**Exercise description:** Give exactly the lines from the one with "On passe deux" through the final line of the listing below, both included, leaving out any pictures.

**Collected data:**
<<<<

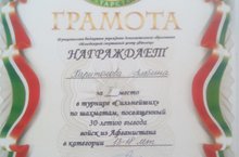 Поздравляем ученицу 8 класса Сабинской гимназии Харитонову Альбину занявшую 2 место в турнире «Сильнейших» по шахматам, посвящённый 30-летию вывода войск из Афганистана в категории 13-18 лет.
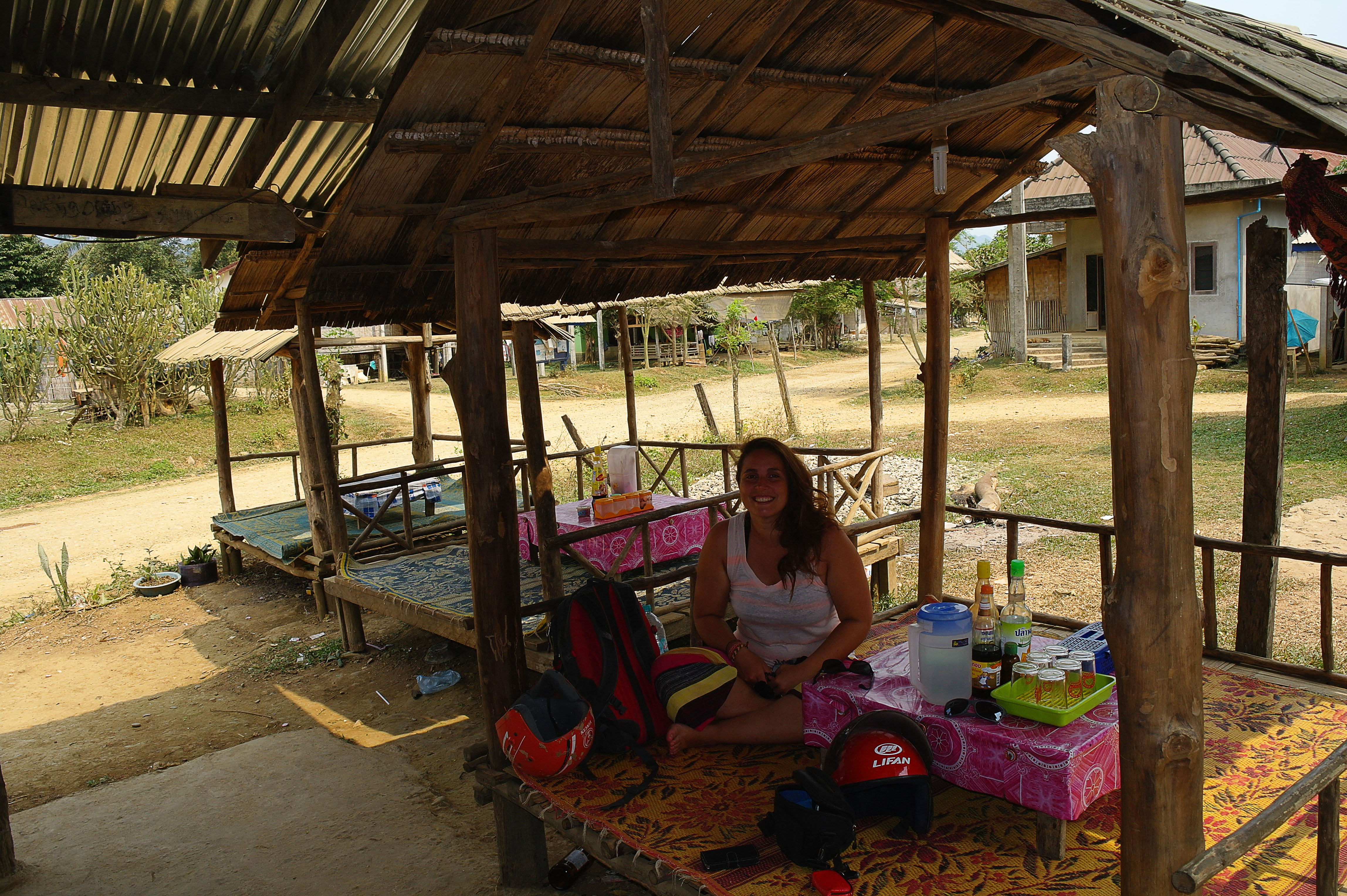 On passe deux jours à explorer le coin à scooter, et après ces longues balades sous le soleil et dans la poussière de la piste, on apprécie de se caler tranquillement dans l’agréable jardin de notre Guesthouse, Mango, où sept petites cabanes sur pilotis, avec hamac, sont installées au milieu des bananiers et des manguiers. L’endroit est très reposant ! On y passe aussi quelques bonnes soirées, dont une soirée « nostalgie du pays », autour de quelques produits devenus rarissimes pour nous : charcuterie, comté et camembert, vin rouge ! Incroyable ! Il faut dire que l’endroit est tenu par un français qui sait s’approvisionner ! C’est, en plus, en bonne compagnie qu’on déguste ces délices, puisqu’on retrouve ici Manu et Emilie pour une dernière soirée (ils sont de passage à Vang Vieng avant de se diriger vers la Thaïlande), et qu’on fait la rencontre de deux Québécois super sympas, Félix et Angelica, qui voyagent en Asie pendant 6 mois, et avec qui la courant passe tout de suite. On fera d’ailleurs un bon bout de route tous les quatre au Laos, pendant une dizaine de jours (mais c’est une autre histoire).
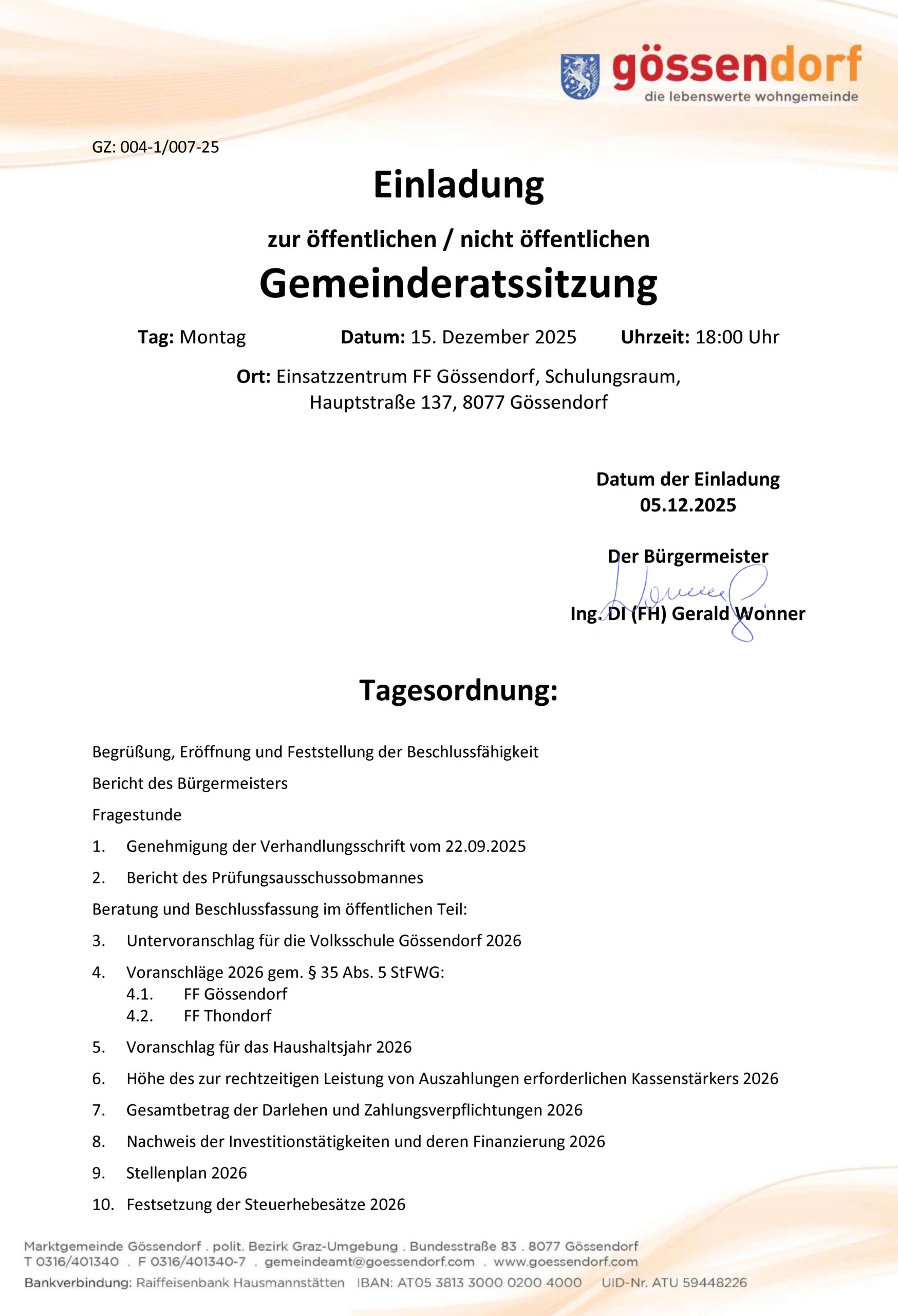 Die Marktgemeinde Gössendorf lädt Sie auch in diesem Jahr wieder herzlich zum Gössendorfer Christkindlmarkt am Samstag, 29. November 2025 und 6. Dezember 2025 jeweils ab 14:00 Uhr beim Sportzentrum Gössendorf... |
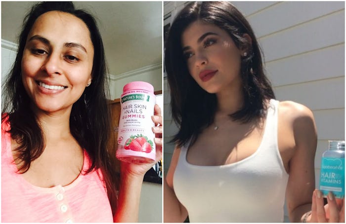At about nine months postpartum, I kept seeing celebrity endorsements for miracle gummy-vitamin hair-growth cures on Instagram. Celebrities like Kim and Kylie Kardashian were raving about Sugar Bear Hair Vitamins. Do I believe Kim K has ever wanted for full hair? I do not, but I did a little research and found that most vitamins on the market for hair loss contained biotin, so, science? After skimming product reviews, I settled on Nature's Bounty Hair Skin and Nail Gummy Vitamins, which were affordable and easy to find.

>>>>

**Output for this exercise:**
 On passe deux jours à explorer le coin à scooter, et après ces longues balades sous le soleil et dans la poussière de la piste, on apprécie de se caler tranquillement dans l’agréable jardin de notre Guesthouse, Mango, où sept petites cabanes sur pilotis, avec hamac, sont installées au milieu des bananiers et des manguiers. L’endroit est très reposant ! On y passe aussi quelques bonnes soirées, dont une soirée « nostalgie du pays », autour de quelques produits devenus rarissimes pour nous : charcuterie, comté et camembert, vin rouge ! Incroyable ! Il faut dire que l’endroit est tenu par un français qui sait s’approvisionner ! C’est, en plus, en bonne compagnie qu’on déguste ces délices, puisqu’on retrouve ici Manu et Emilie pour une dernière soirée (ils sont de passage à Vang Vieng avant de se diriger vers la Thaïlande), et qu’on fait la rencontre de deux Québécois super sympas, Félix et Angelica, qui voyagent en Asie pendant 6 mois, et avec qui la courant passe tout de suite. On fera d’ailleurs un bon bout de route tous les quatre au Laos, pendant une dizaine de jours (mais c’est une autre histoire).
 Die Marktgemeinde Gössendorf lädt Sie auch in diesem Jahr wieder herzlich zum Gössendorfer Christkindlmarkt am Samstag, 29. November 2025 und 6. Dezember 2025 jeweils ab 14:00 Uhr beim Sportzentrum Gössendorf... |
At about nine months postpartum, I kept seeing celebrity endorsements for miracle gummy-vitamin hair-growth cures on Instagram. Celebrities like Kim and Kylie Kardashian were raving about Sugar Bear Hair Vitamins. Do I believe Kim K has ever wanted for full hair? I do not, but I did a little research and found that most vitamins on the market for hair loss contained biotin, so, science? After skimming product reviews, I settled on Nature's Bounty Hair Skin and Nail Gummy Vitamins, which were affordable and easy to find.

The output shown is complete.